The Israelites were always meant for the benefit of the entire globe, not just themselves. It is a fundamental kingdom principle is that if we are blessed we should enjoy it and use it to bless others.
Paul comments on Abraham’s story in Galatians 3:16-18
To give a human example, brothers: even with a man-made covenant, no one annuls it or adds to it once it has been ratified. Now the promises were made to Abraham and to his offspring. It does not say, “And to offsprings,” referring to many, but referring to one, “And to your offspring,” who is Christ. This is what I mean: the law, which came 430 years afterward, does not annul a covenant previously ratified by God, so as to make the promise void. For if the inheritance comes by the law, it no longer comes by promise; but God gave it to Abraham by a promise.
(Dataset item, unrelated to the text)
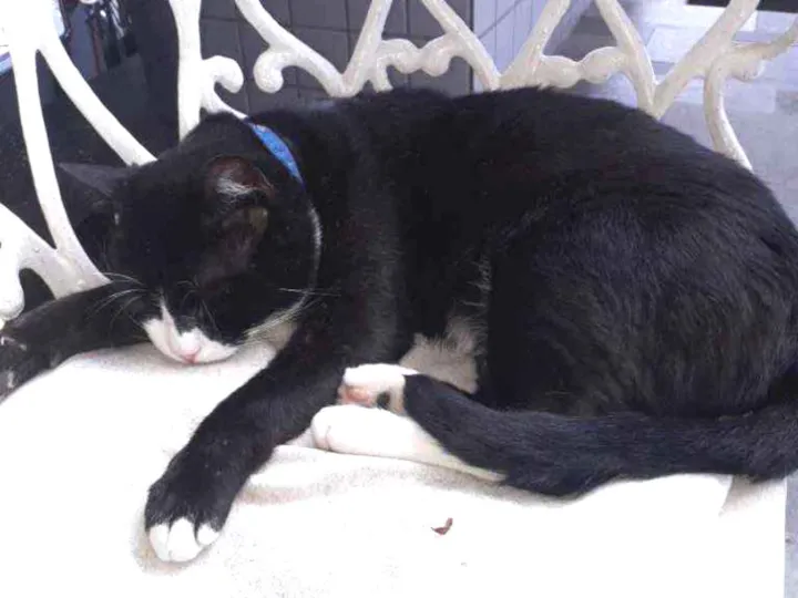 O gatinho chegou ao condomínio, sua casa são as áreas comuns do condomínio, ele é muito tranquilo e carinhoso, se dá bem com todas as pessoas. Castrado e ceguinho de um olho.

Paul argues from Jesus to highlight the text. Not the other way around. If anyone believes how Abraham believed towards Jesus, then they become the seed. Jesus is the fulfillment of the promise of Abraham.
Further, Paul argues in Galatians 3:28-29
There is neither Jew nor Greek, there is neither slave nor free, there is no male and female, for you are all one in Christ Jesus. And if you are Christ’s, then you are Abraham’s offspring, heirs according to promise.
The oneness we have in Christ is to be manifest across any and all human-contrived lines. All right relatedness comes through Christ. Everything else is considered null and void. God loves Israel and all the peoples of world. We are to do the same. What God is doing transcends race, nationalities, and property. Racism is particularly demonic because it cuts to the core of this amazing gospel message.
Greg then poses the questions: Why did God choose Abraham? What could have happened if Abraham said no? Were there others God called?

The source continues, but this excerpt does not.